Agent Registry API
Purpose
The Agent Registry API is a separate service (apps/agent-registry-api/) that provides endpoints for agents to register themselves, report their status, and manage their lifecycle. It serves as the central registry for all agent instances in the system, enabling the orchestrator to discover available agents, monitor their health, and distribute jobs effectively.
Key Responsibilities:
- Provide HTTP endpoints for agent registration and deregistration
- Accept and process agent heartbeat/status updates
- Track agent instance capacity and current load in real-time
- Maintain the
AgentInstancetable in the database - Enable the orchestrator to discover available agent instances
- Support health monitoring and automatic failover
- Track agent type metadata in the
AgentRegistrytable
Authentication
The Agent Data API is authenticated using the API keys stored in the AgentAuth table. The API key is passed in the Authorization header as a Bearer token.
Architecture
The Agent Registry API is a server (Next.js or other framework) that exposes REST endpoints. It maintains two key database tables:
AgentRegistry: Stores agent type metadata (not version-specific)AgentInstance: Tracks all running agent instances and their status
The orchestrator queries these tables (either directly or via the API) to discover agents and distribute jobs. Agents use the API endpoints to register themselves and report status.
Database Schema
AgentRegistry
Stores agent type metadata (not version-specific). This table contains information about agent types, not individual instances.
{
id: string; // Agent ID (e.g., 'query-strategy', 'data-collection')

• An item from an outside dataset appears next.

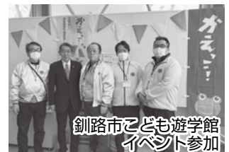
釧路市こども遊学館イベント参加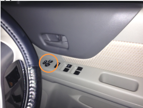
ミラースイッチ裏

name: string; // Human-readable name
description: string;
version: string; // Current/latest version (informational only)
endpoint: {
type: 'http' | 'webhook' | 'n8n' | 'cloud-function';
url: string; // Full URL to agent endpoint (base URL, not instance-specific)
method: 'POST' | 'PUT';
authentication?: {
type: 'bearer' | 'api-key' | 'oauth';
token?: string;
};
timeout: number; // Request timeout in milliseconds
retryConfig?: {
maxRetries: number;
backoff: 'exponential' | 'linear' | 'fixed';
delay: number;
};
};
inputSchema: object; // JSON Schema or Zod schema (JSON representation)
outputSchema: object; // JSON Schema or Zod schema (JSON representation)
parameterTypes: {
// Defines what parameters this agent accepts and how they can be expanded
ticker?: {
required: boolean;
expandable: boolean; // If true, scheduler can expand this to multiple jobs
scope: 'all' | 'active' | 'custom'; // Default scope for expansion
};
userId?: {
required: boolean;
expandable: boolean;
};
// ... other parameter types
};
enabled: boolean;
healthCheck?: {
endpoint: string;
interval: number;
};
metadata?: {
language?: string; // Implementation language
runtime?: string; // Runtime environment
deployment?: string; // Deployment type
};
lastHeartbeat?: Date; // Last health check timestamp (for agent type health)
createdAt: Date;
updatedAt: Date;
}AgentInstance
Tracks all running agent instances. Multiple instances of the same agent version can exist for horizontal scaling.
{
id: string; // Unique instance ID (e.g., 'data-collection-instance-1')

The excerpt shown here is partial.